Third, FARJHO provides a natural built-in buffer to conventional renting to avoid potential eviction when the tenants temporarily lose their monthly income capability. The equity stake of the renter/co-owner of the FARJHO structure could act as an optional voluntary collateral against missed monthly rent payments and therefore provides property investors with enhanced investment security through less credit risks and at the same time provides the tenants/co-owners with more home occupying stability during the rainy days in their working lives.

All these new features were specifically designed to make the new home ownership structure of FARJHO more than simply an attractive financial investment vehicle for free market based property investors. Among its main goals is to also provide neighborhood stability and social harmony by eliminating the possibility of foreclosures and reducing the likelihood of eviction for home occupiers.

2.) The three features of SwapRent (http://www.swaprent.com) as a new non-debt financing alternatives for home owners and small businesses are:

It allows home owners or any property owners to share a part of the appreciation potential of their properties with other free market based investors through letting these investors share a part of the cash flow responsibilities in a real estate property ownership so that the current properties owners could obtain alternative temporary non-debt based either short term or long term financing that has never been made possible before.

These goals could be accomplished through the new economic owning, renting and own-rent switching concepts and business methods of SwapRent for managing real estate properties.

It allows home owners to separate the investment value from the shelter value of owning a real estate property, i.e. the issue of the management of the financial investment aspect of owning a home away from the issue of the stability of a suitable shelter or a place to live in.

FARJHO and SwapRent could indeed be used either together or separately.

I would like to emphasize the importance of understanding that both FARJHO and the SwapRent contracts could be perfectly used as new non-debt based financing alternatives for both home owners and small businesses to revitalize the national economy at the grassroots level. These new proposed financing alternatives seem to be exactly what our country and many other countries in Western Europe urgently need at the present time.

Just try to think, when home owners and small business property owners who could not get conventional bank loan financing have run out of all other means, including perhaps items to bring to the pawnshops, wouldn’t it be nice for them to have a new way to get paid by letting other people share a part of the equity of the homes or other real estate properties that they own in the form of either shared equity ownership or simply shared appreciation rights rather than a collateralized or mortgaged debt that would need a steady income stream to service the monthly payments and/or a burden to repay at maturity date.

The delivery of these new innovative services could be performed under the Internet based crowdfunding portal sites such as http://www.farjho.com for FARJHO and/or http://www.reidex.com for SwapRent to bypass the Wall Street middlemen and get the economic benefits of these new services delivered directly to mom and pop small business folks on Main Street. More consumer choices is always a good thing under free market capitalism.
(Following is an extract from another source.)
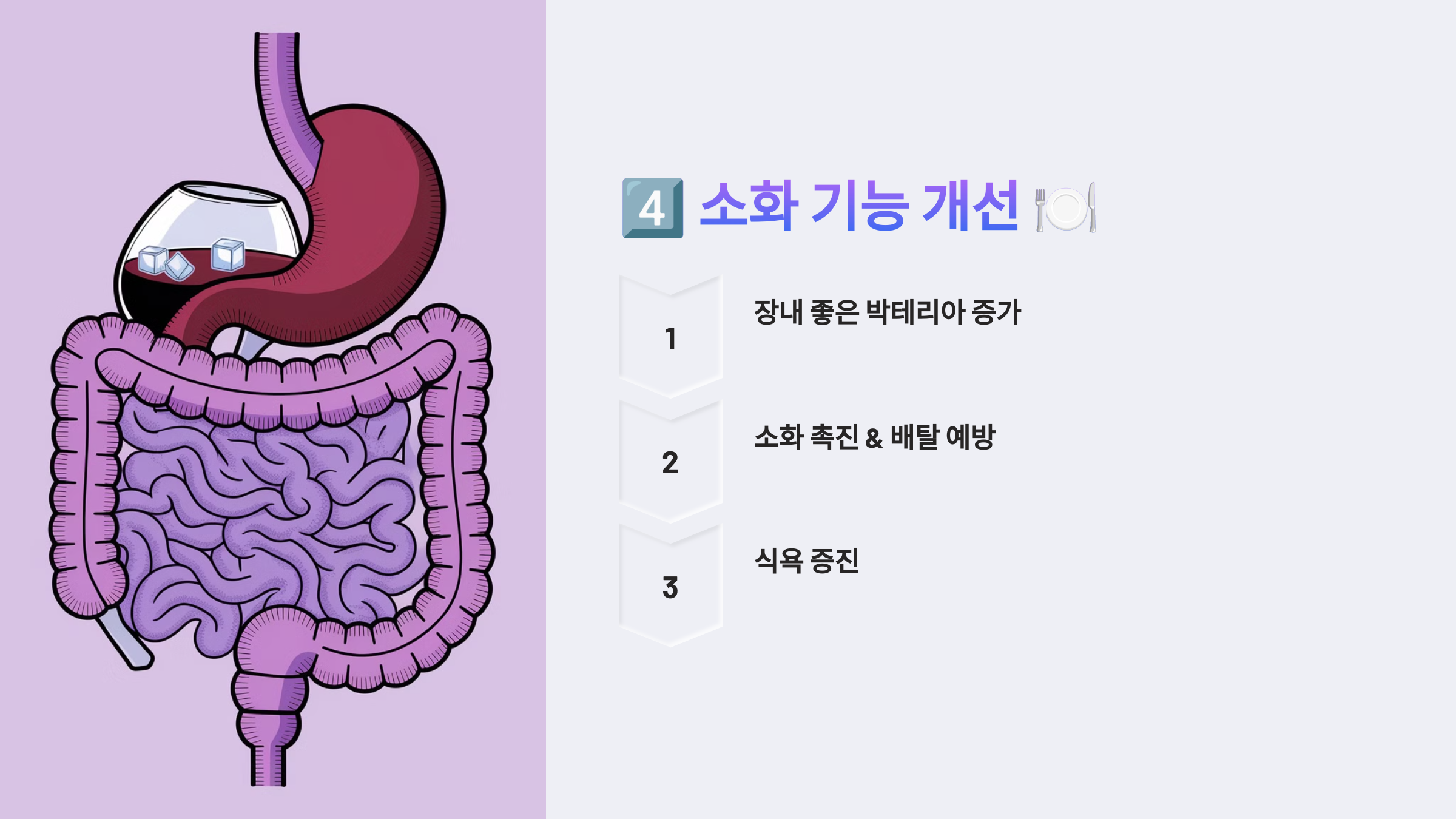 와인은 위산 분비를 촉진하고, 장내 유익균을 증가시키는 효과가 있어요.

While old school economists like Paul Krugman could continue to bang their heads against the wall to convince governments to tax citizens more, issue more debts and print more money to inflate away the debt problems of the US and many Western European countries, they seem to genuinely naively have a blind faith that there will always be a greater fool to continue to be willing to lend more money or to be taxed more no matter how much worse the situation may get. Why can’t these people simply calm down and think outside the box for once?
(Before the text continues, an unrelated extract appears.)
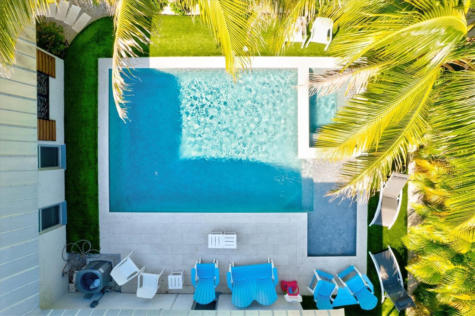Property did NOT flood! Sold turnkey! Stunning 4 bedroom 4 bath luxury duplex pool home just 1 block from the beach! Newer heated salt water pool & backyard is a private oasis in paradise. Each unit features its own kitchen, dining area, living room & 2 bedrooms & 2 beautiful baths with private enclosed porches. Shared 1 car garage & inside laundry room with full-size washer & dryer. Both units feature designer finishes in a light, bright & renovated space, newer quartz countertops & stainless appliances. Professionally landscaped with mature trees & plenty of parking even if both units are occupied. This amazing home is located right in the heart of Holmes Beach on Anna Maria Island. Situated along the free island trolley route & close to restaurants & shopping. Welcome to paradise!

Outside of debt financing there are many many other ways to finance economic activities. The equity sharing method should not be confined only at the corporate level in the form of either private equity participation or a stock market IPO.

Countries, sovereign entities at higher levels (e.g. using TARELV) and home owners, small businesses at the lower levels (e.g. using FARJHO and SwapRent) should all be seriously educated on how to take advantage of the new equity sharing concepts and methods made possible by these innovations and their current commercial availability beyond being simply academic theories now.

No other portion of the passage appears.